◆ **Assigned task**
Reproduce the entries verbatim; no pictures.

◆ **Data to process**

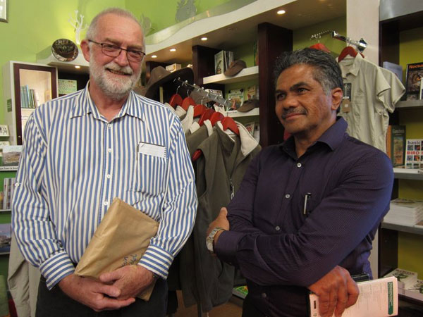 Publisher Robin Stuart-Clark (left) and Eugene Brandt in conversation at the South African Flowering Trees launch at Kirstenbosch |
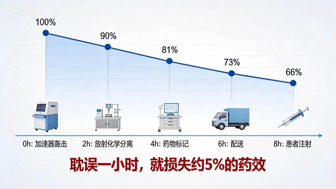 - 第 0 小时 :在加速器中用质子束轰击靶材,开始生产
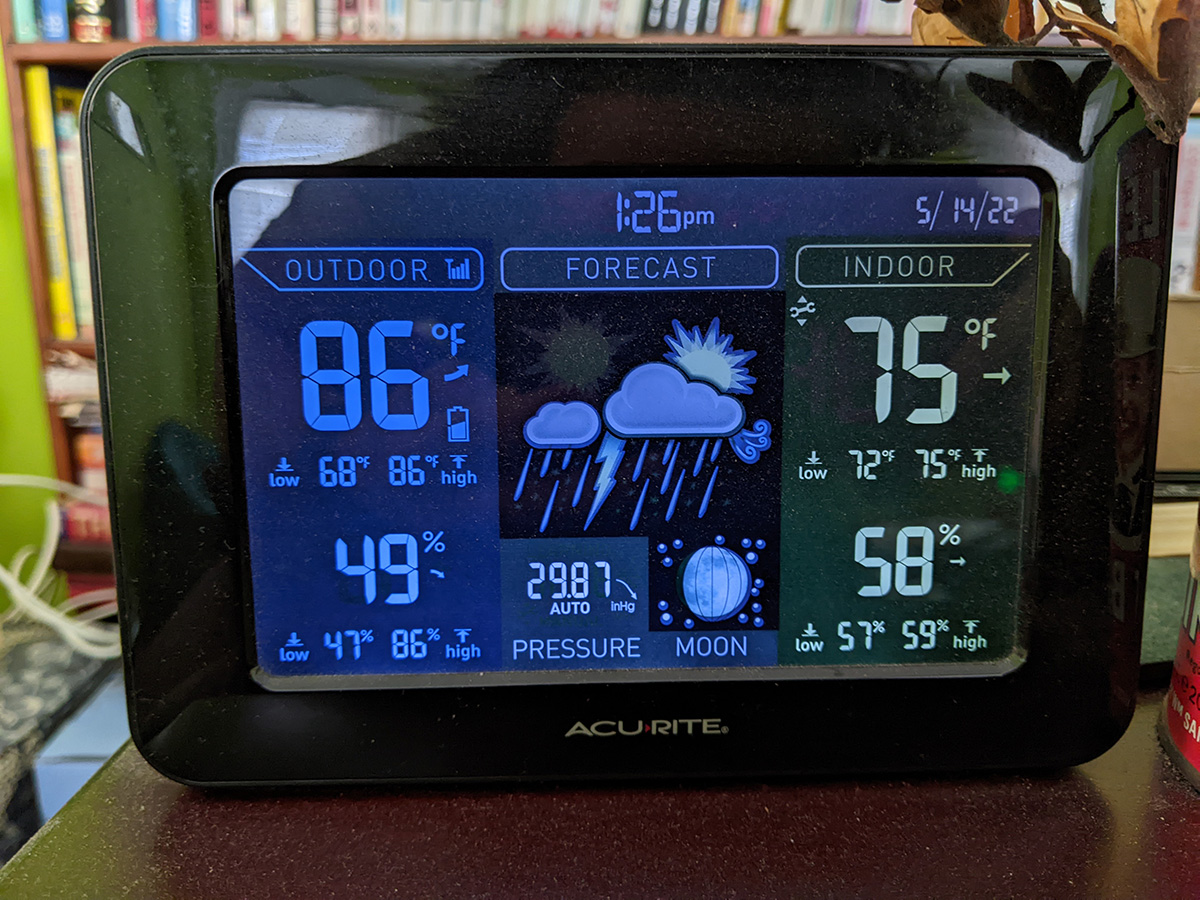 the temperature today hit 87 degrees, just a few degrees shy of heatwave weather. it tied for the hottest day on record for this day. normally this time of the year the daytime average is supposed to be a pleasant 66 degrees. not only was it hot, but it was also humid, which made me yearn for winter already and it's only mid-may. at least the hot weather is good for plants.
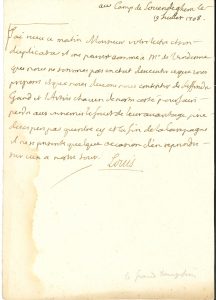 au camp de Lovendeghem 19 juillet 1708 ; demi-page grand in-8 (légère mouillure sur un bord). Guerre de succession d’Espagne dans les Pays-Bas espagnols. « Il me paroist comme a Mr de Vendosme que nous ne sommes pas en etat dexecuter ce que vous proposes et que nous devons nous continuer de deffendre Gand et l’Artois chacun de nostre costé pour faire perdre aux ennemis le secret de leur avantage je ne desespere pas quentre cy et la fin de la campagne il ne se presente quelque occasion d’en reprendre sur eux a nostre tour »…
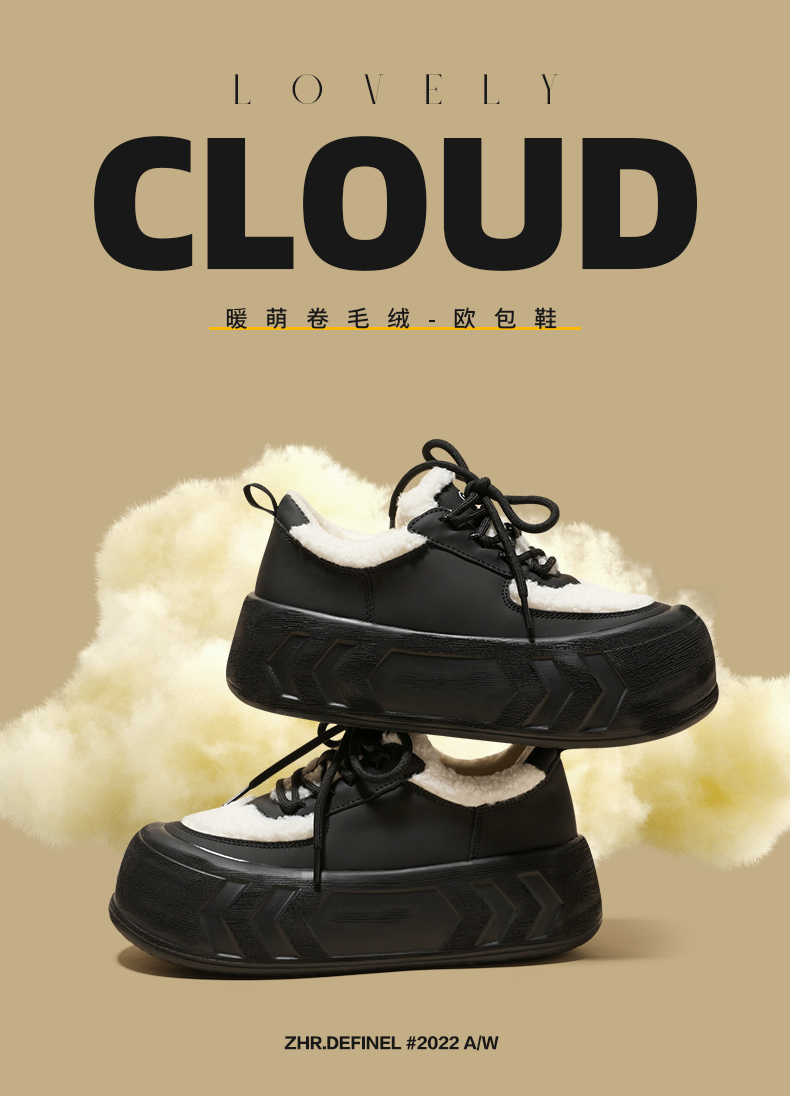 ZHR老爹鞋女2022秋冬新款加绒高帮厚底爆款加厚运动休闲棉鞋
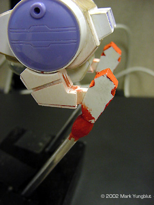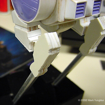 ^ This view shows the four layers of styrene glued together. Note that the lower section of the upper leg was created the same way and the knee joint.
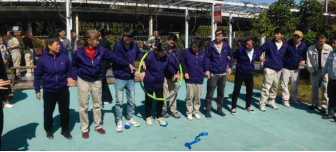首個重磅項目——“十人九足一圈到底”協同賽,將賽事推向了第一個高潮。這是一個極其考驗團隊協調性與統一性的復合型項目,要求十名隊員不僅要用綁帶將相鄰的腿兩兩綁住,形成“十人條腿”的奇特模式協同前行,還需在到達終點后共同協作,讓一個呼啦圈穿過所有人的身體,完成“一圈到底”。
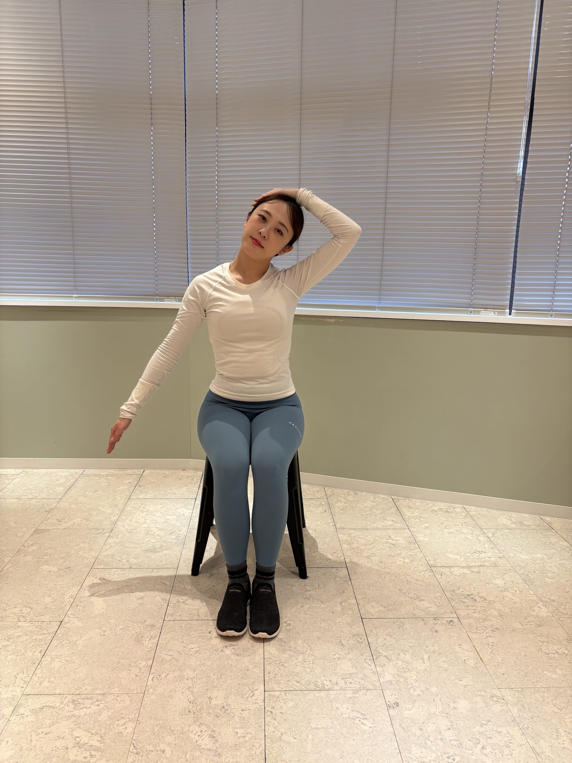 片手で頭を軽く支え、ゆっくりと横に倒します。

◆ **Your response**
 Publisher Robin Stuart-Clark (left) and Eugene Brandt in conversation at the South African Flowering Trees launch at Kirstenbosch |
 - 第 0 小时 :在加速器中用质子束轰击靶材,开始生产
 the temperature today hit 87 degrees, just a few degrees shy of heatwave weather. it tied for the hottest day on record for this day. normally this time of the year the daytime average is supposed to be a pleasant 66 degrees. not only was it hot, but it was also humid, which made me yearn for winter already and it's only mid-may. at least the hot weather is good for plants.
 au camp de Lovendeghem 19 juillet 1708 ; demi-page grand in-8 (légère mouillure sur un bord). Guerre de succession d’Espagne dans les Pays-Bas espagnols. « Il me paroist comme a Mr de Vendosme que nous ne sommes pas en etat dexecuter ce que vous proposes et que nous devons nous continuer de deffendre Gand et l’Artois chacun de nostre costé pour faire perdre aux ennemis le secret de leur avantage je ne desespere pas quentre cy et la fin de la campagne il ne se presente quelque occasion d’en reprendre sur eux a nostre tour »…
 ZHR老爹鞋女2022秋冬新款加绒高帮厚底爆款加厚运动休闲棉鞋
 ^ This view shows the four layers of styrene glued together. Note that the lower section of the upper leg was created the same way and the knee joint.
首個重磅項目——“十人九足一圈到底”協同賽,將賽事推向了第一個高潮。這是一個極其考驗團隊協調性與統一性的復合型項目,要求十名隊員不僅要用綁帶將相鄰的腿兩兩綁住,形成“十人條腿”的奇特模式協同前行,還需在到達終點后共同協作,讓一個呼啦圈穿過所有人的身體,完成“一圈到底”。
 片手で頭を軽く支え、ゆっくりと横に倒します。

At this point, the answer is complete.